Case ID: so2d_461/html/0244-01.html
Source: Caselaw Access Project
Author: {"author": "MILLS, Judge. \n      WENTWORTH, Judge,", "license": "Public Domain", "url": "https://static.case.law/"}
Date Created: 2024-08-24T03:29:51.129683

Eldred HORNE, Appellant, v. ALTER SALES and American Mutual Insurance Company of Boston, Appellees.
    No. AX-43.
    District Court of Appeal of Florida, First District.
    Dec. 21, 1984.
    
      George A. O’Brien and Hershoff & Levy, Miami, for appellant.
    Edwin H. Underwood and Richard B. Wingate, Jr. of Underwood, Gillis, Karcher & Valle, P.A., Miami, for appellees.
   MILLS, Judge.

Claimant (Horne) appeals the denial of TPD benefits from 19 May 1983 to 29 June 1983 (MMI) and of wage-loss benefits from 29 June 1983 to 30 September 1983. We affirm.
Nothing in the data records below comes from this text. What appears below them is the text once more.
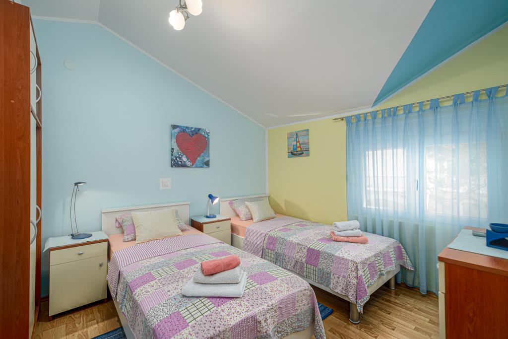 Az Apartment Lela az első emeleten található. Az apartman két hálószobával, két fürdőszobával, nagy nappalival, konyhával és étkezővel, valamint egy nagy terasszal rendelkezik. A strand 100 méterre van az apartmantól, bolt szintén 100 méterre található. A tengerparton van egy gyorsétterem és egy kávézó. Az utca csendes, a forgalom csak az utcán lakók számára szól. Az apartmanhoz saját parkolóhely tartozik az udvarban, grill és saját nagy terasz.A strand beton kavicsos, 200 méterre pedig egy öböl homokos stranddal. A bolt és a pékség 100 méterre található az apartmantól. Az apartman városi vízzel, légkondicionálóval és ingyenes internet-hozzáféréssel rendelkezik. Szervezett kirándulások a Vir turisztikai irodán keresztül a Krka-vízesésekig, a Kornati, a Plitvicei-tavakig és más érdekes célpontokig. Kerékpár, motorcsónak és csónakkölcsönző, búváriskola. Szeretnénk, ha jól érezné magát a házában lévő lakásában, és hogy Vir-i tartózkodása megmaradna kedves emlékeiben :) Várjuk érkezését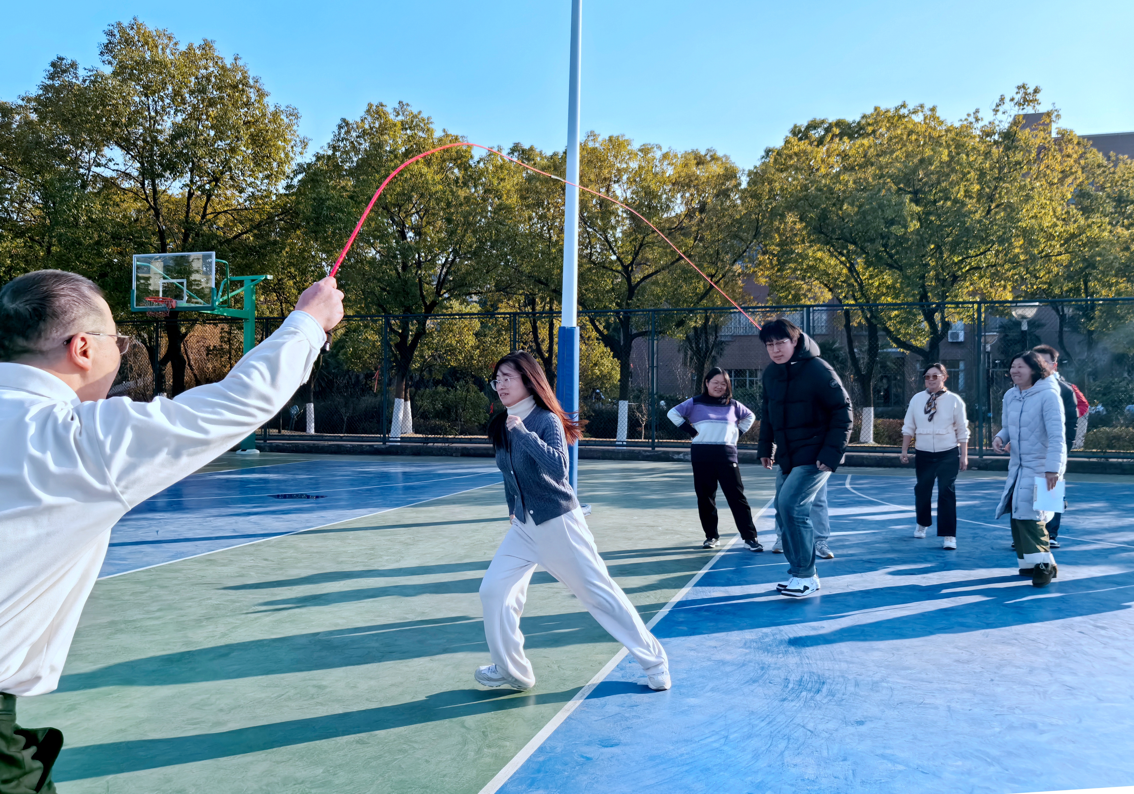 比賽現(xiàn)場氣氛熱烈,歡聲笑語不斷,老師們踴躍組隊參與配合默契,長繩翻飛,身姿躍動,現(xiàn)場的加油聲、歡呼聲交織一片,驅散了冬日的寒意,充分展現(xiàn)了學院教職工昂揚向上的精神風貌。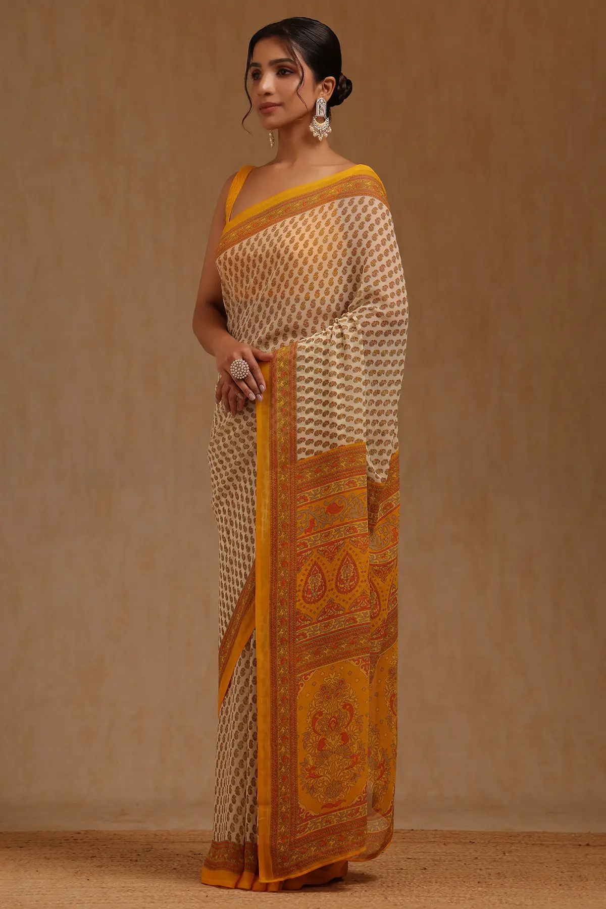 Be the first to review “Yellow Georgette Floral Sarees”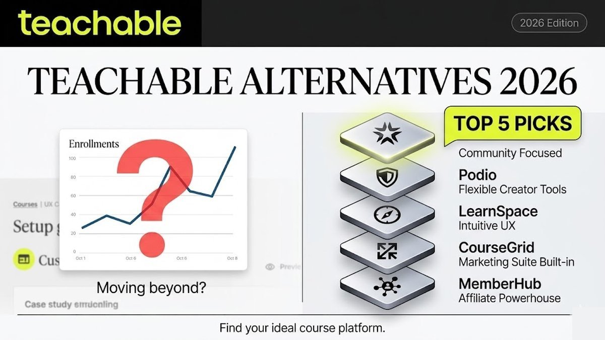 Teachable starts at $39/month with a 7.5% transaction fee. 6 free and low-cost alternatives that let you sell courses with zero monthly fees.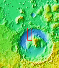 During the month of April Mars will be in conjunction relative to the Earth. This means the Sun is in the line-of-sight between Earth and Mars, and communication between the two planets is almost impossible. For conjunction, the rovers and orbiting spacecraft at Mars continue to operate, but do not send the data to Earth. This recorded data will be sent to Earth when Mars moves away from the sun and the line-of-sight between Earth and Mars is reestablished. During conjunction the THEMIS image of the day will be a visual tour of Gale Crater, the location of the newest rover Curiosity. Our first image of Gale Crater contains the landing site of the rover in approximately the center of the image. The dark material is sand in the form of dunes, which the rover will have to navigate through to get to the layered central deposit. The layered deposit is called Mt. Sharp.

Horne is a 59-year-old male, who was employed as an accountant by Alter Sales (E/C) when, on 9 February 1983, he sprained his ankle on a door jamb at work.

The E/C paid TTD benefits to Horne from 25 February to 19 May 1983 when payments ceased. Horne has earned no money since 25 February 1983. He filed wage-loss forms with the E/C each month from 19 May to 30 September 1983.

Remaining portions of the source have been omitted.